Officially, thesauri for information retrieval date back to the 1950s when researchers began to apply the word to the vocabulary lists in information systems. In fact, the word was first used in this context in 1957 by Peter Luhn of IBM. In 1959 the first fully operational thesaurus for information retrieval was created by the Dupont Company. However, many of the thesauri developed during this period were lacking mechanisms to distinguish between homonyms (words that have the same spelling but different meaning) and to deal with synonyms (different words with the same meaning) thus making retrieval difficult.
In the 1960s a number of influential thesauri and guidelines for building thesauri were published. One of them is the Thesaurus of Engineering and Scientific Terms (TEST) in 1967, which used the tags BT (Broader Term), NT (Narrower Term) and RT (Related Term) to indicate relations between concepts. It contained an alphabetical sequence of terms, a permuted index, a hierarchical index and a section presenting 22 subject categories.
In the early days most thesauri were compiled manually. Any changes to the relation between the terms had to be done manually. It was an extremely time consuming and prone to human errors process. It was not until the late 1970s that computers began to be used in order to compile thesauri.
In the 1970s and 1980s many commercial online databases used thesauri, either printed or online to enhance the quality of the search.
The use of thesauri in various scientific and technological subjects was boosted by the development, in 1974, of the first international standard for the construction of monolingual thesauri, the ISO 2788. In the last three decades several more construction standards for thesauri have been developed (see relevant paragraph).

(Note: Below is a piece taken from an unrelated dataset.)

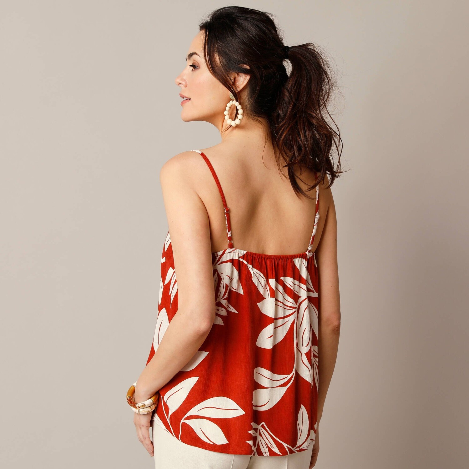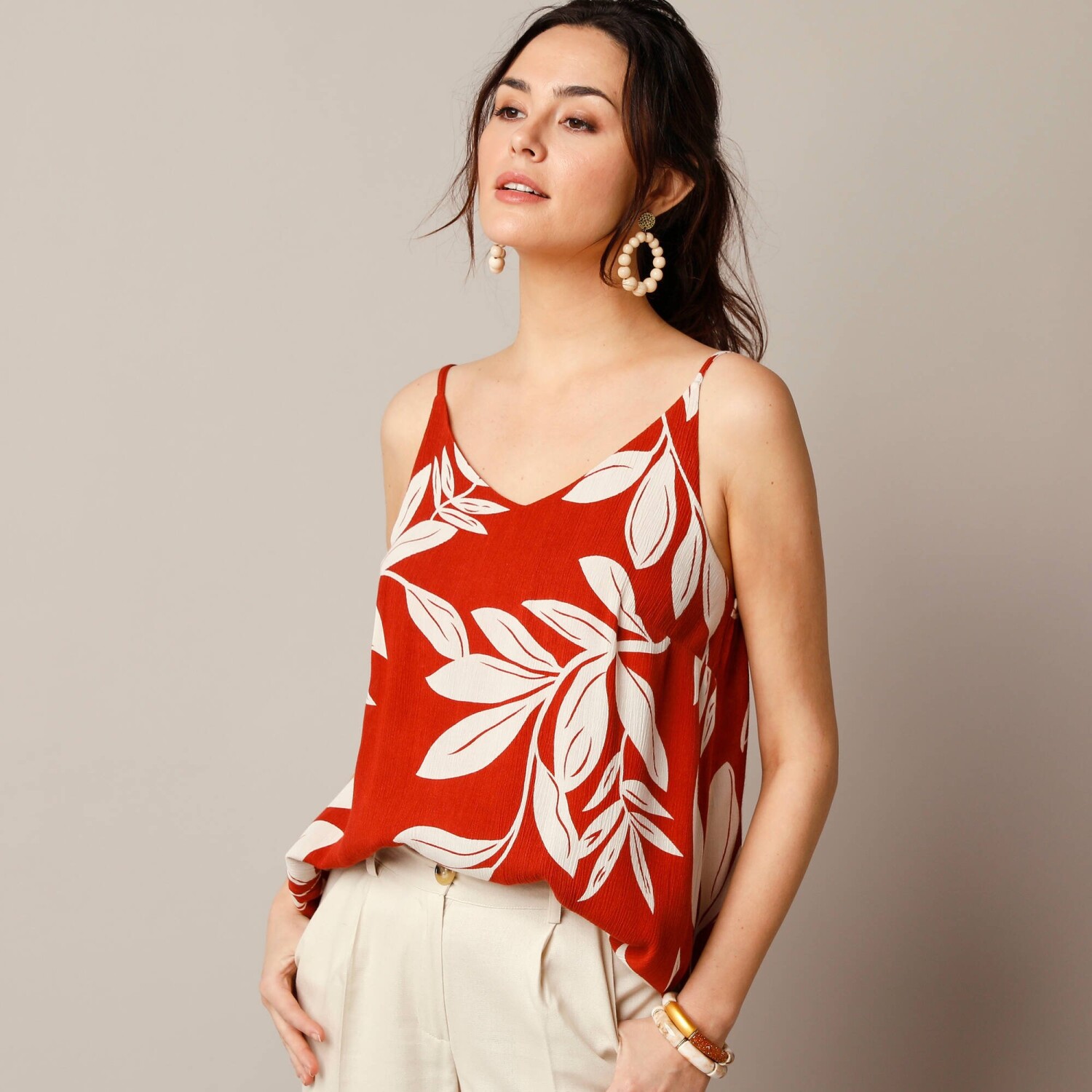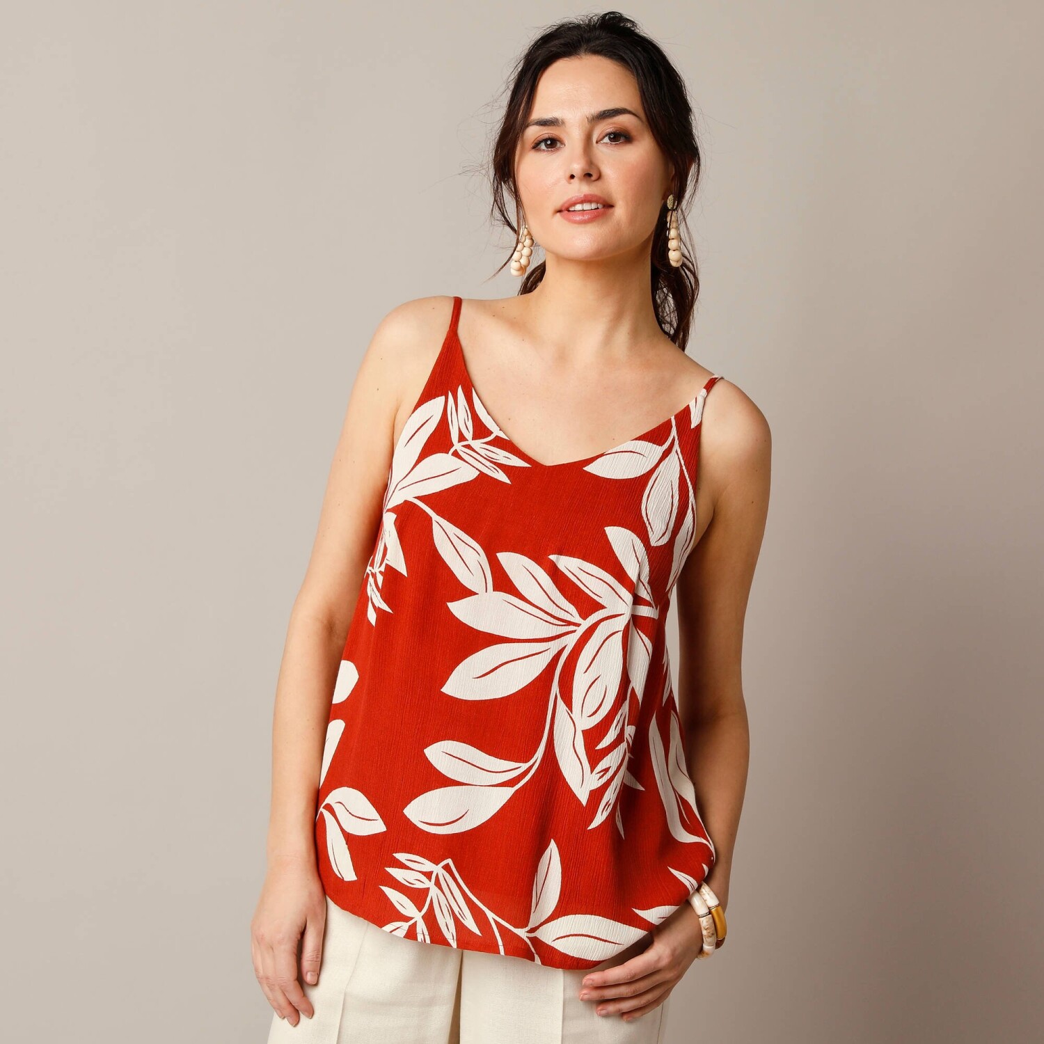 Topul frumos imprimat iese în evidență cu bretelele sale originale cu cordon și datorită tăieturii sale mai largi se potrivește fiecărei siluete. Tricot aerisit, ușor de întreținut. Imprimeu. Ținută confortabilă. Decolteu în V rotunjit. Cusătură centrală în față cu 3 nasturi cu aspect de corn. Șnur la umeri. tiv drept. Se poate spăla la mașină.

The next stage of thesauri development took place with the emergence of the web and the evolution of web-based information retrieval systems and services, and content management systems. This meant that thesauri needed to be adapted to accommodate interoperability of different databases that used a variety of vocabularies, web-dased services and different thesaurus displays namely:
Detailed records for each of the terms showing the preferred term, any non preferred terms, the scope note that clarifies the meaning and usage of the term, the hierarchical, equivalence and associative relations, and possibly, any translations of the term.
Alphabetical displays where all the terms that are included in the thesaurus are arranged in alphabetical order.
Hierarchical displays that show the position on the terms in the hierarchy(s) they belong.
Graphical displays that show terms and their relationships using arrows, tree-like structures and other visualization techniques.